*What you are asked to do*: Print the listing from its top line through the line containing "ÄLTERE POSTKARTE MÜNSTER", nothing more, and leave out the pictures.

*Records*:
== Segment start ==

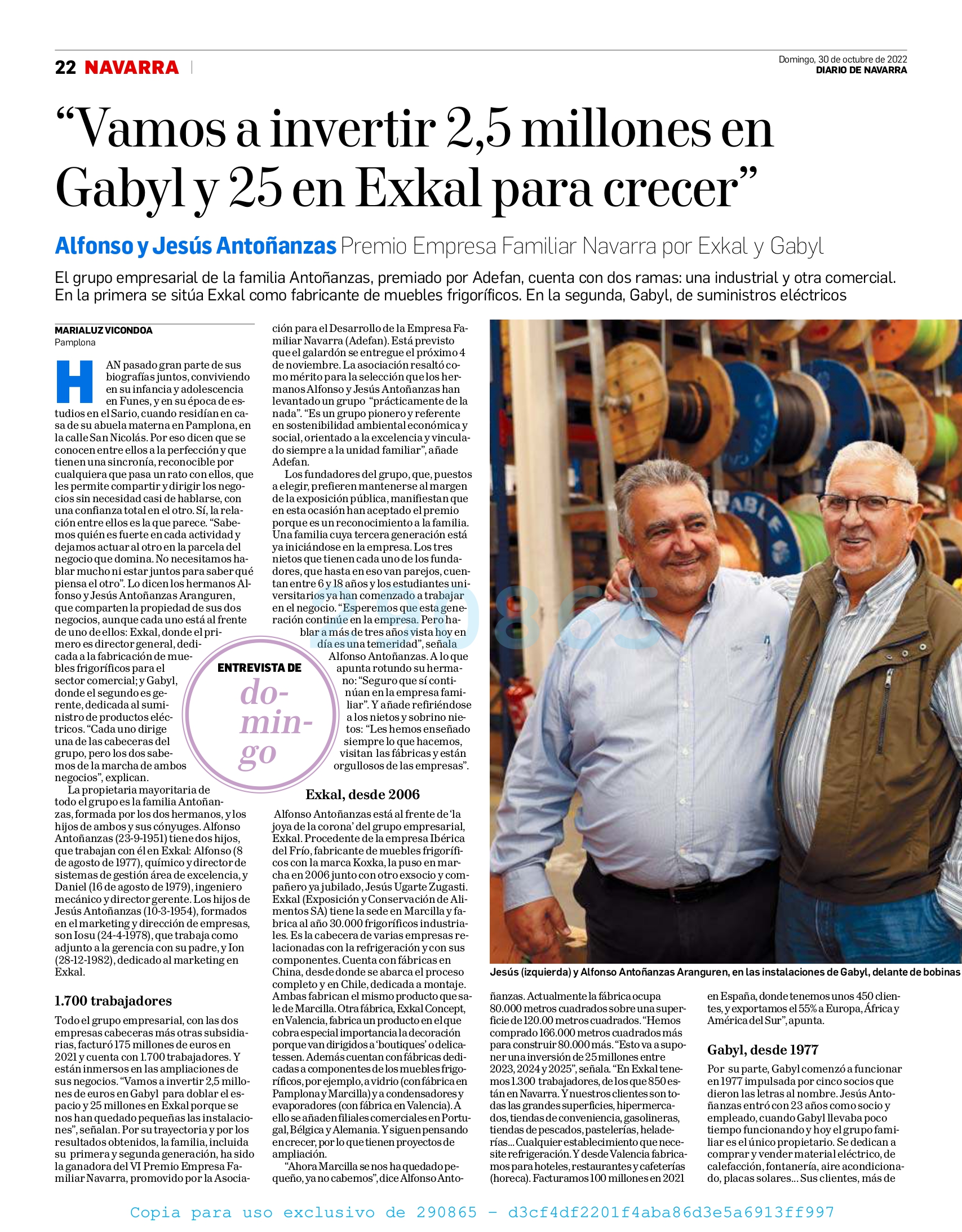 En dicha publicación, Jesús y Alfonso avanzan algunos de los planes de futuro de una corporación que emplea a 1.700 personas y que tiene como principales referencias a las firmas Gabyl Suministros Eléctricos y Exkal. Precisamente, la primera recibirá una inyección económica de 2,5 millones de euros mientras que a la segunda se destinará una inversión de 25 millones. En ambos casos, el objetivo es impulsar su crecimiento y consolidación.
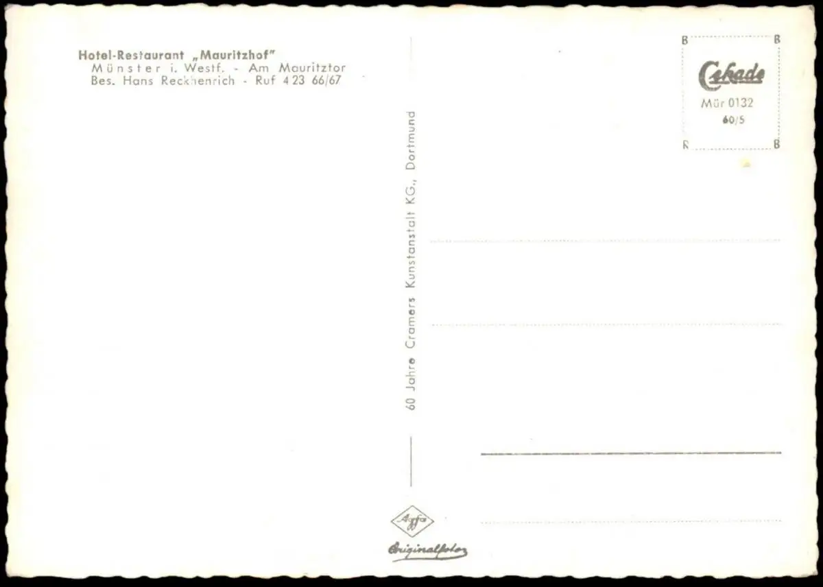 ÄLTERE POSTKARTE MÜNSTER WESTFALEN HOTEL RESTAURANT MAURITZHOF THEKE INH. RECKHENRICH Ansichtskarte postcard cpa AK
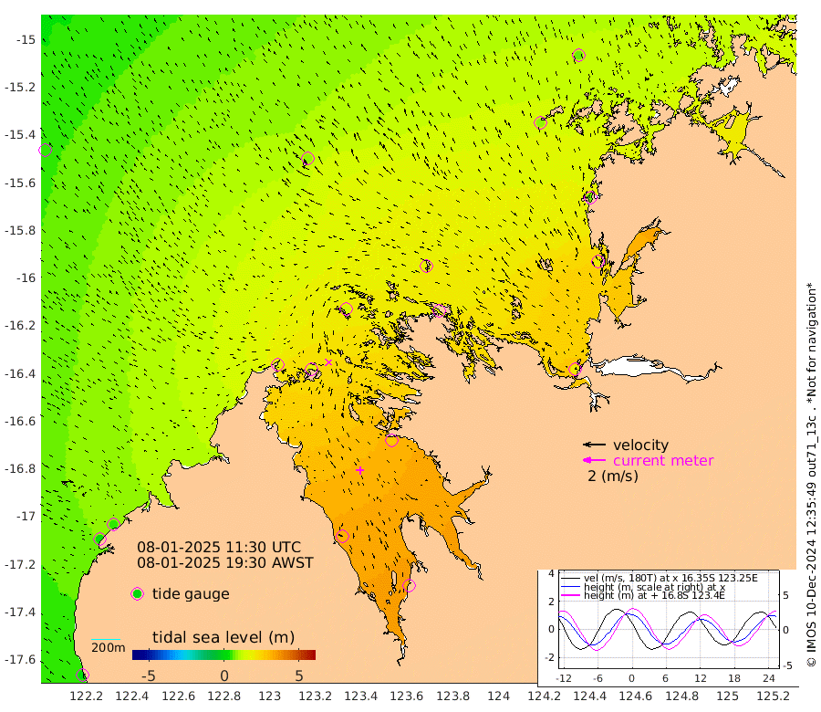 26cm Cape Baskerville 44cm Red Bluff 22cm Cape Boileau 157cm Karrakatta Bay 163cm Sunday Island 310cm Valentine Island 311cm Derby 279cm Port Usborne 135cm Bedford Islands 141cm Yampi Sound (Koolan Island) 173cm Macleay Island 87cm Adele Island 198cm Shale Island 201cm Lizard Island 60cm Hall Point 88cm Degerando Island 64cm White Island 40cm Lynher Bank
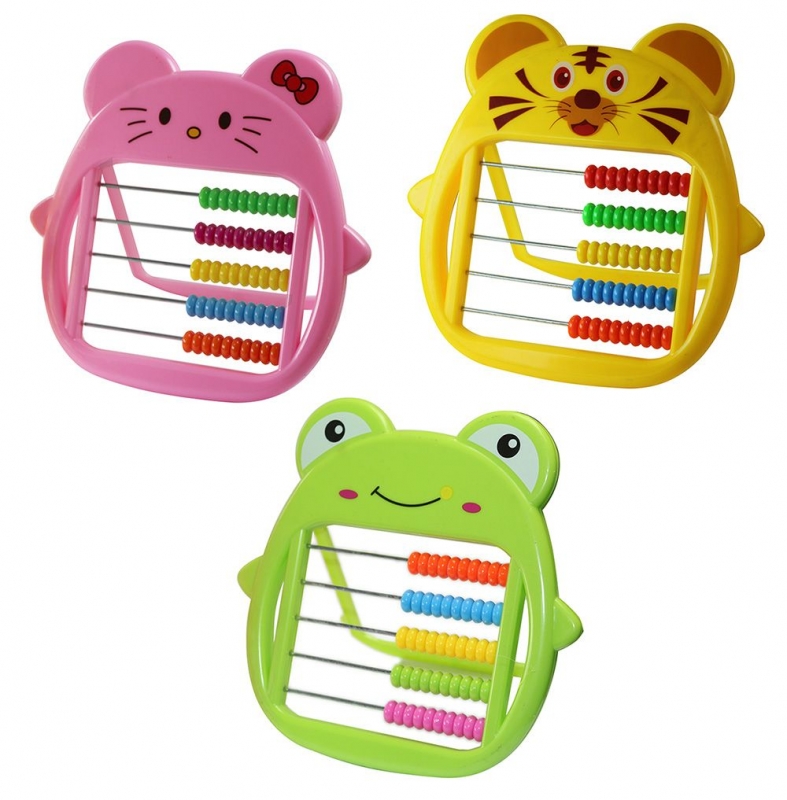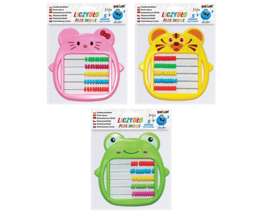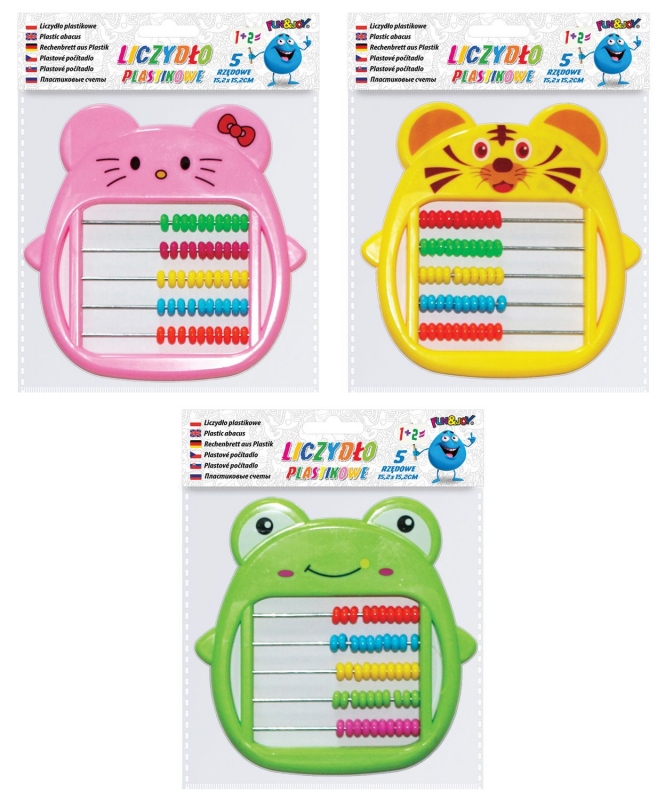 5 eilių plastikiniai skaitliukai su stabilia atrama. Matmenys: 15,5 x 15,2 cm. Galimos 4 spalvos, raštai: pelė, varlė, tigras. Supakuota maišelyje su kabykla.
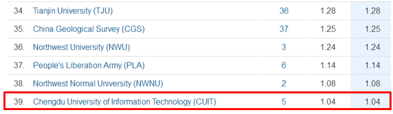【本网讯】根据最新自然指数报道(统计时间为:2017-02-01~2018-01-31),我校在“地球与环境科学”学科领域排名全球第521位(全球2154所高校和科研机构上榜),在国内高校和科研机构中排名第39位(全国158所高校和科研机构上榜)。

== Segment end ==

*Finished task*:
 En dicha publicación, Jesús y Alfonso avanzan algunos de los planes de futuro de una corporación que emplea a 1.700 personas y que tiene como principales referencias a las firmas Gabyl Suministros Eléctricos y Exkal. Precisamente, la primera recibirá una inyección económica de 2,5 millones de euros mientras que a la segunda se destinará una inversión de 25 millones. En ambos casos, el objetivo es impulsar su crecimiento y consolidación.
 ÄLTERE POSTKARTE MÜNSTER WESTFALEN HOTEL RESTAURANT MAURITZHOF THEKE INH. RECKHENRICH Ansichtskarte postcard cpa AK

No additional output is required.